*** Information supplied Section Begins ***

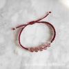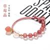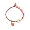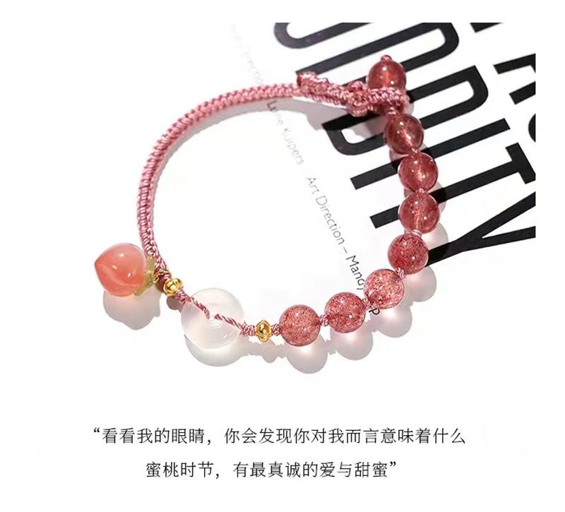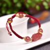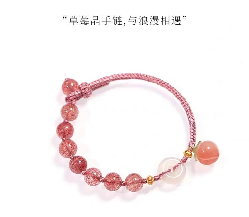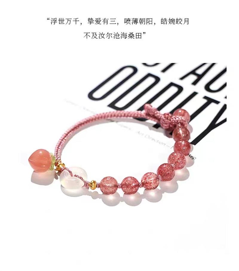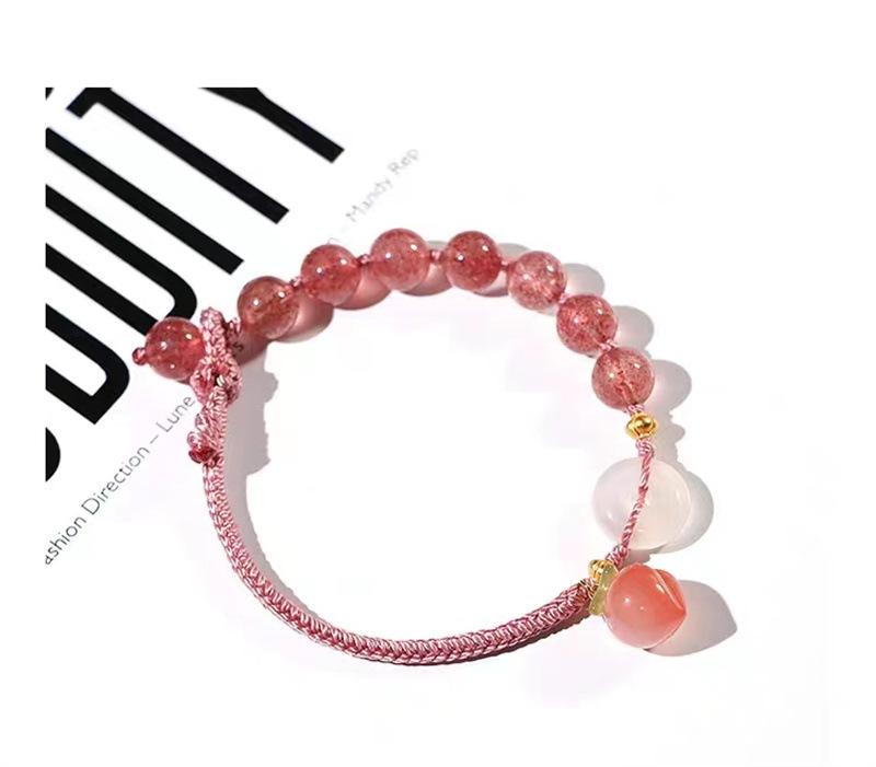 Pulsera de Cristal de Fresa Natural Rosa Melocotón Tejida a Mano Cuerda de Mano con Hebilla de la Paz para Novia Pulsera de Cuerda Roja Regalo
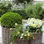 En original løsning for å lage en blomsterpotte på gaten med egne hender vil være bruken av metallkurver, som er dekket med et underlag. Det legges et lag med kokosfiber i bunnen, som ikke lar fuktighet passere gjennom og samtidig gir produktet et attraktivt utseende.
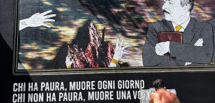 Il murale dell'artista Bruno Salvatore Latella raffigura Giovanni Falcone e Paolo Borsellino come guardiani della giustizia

*** Information supplied Section Ends ***

Give back the material above exactly as it appears, minus the pictures.

Task solution:
 Pulsera de Cristal de Fresa Natural Rosa Melocotón Tejida a Mano Cuerda de Mano con Hebilla de la Paz para Novia Pulsera de Cuerda Roja Regalo
 En original løsning for å lage en blomsterpotte på gaten med egne hender vil være bruken av metallkurver, som er dekket med et underlag. Det legges et lag med kokosfiber i bunnen, som ikke lar fuktighet passere gjennom og samtidig gir produktet et attraktivt utseende.
 Il murale dell'artista Bruno Salvatore Latella raffigura Giovanni Falcone e Paolo Borsellino come guardiani della giustizia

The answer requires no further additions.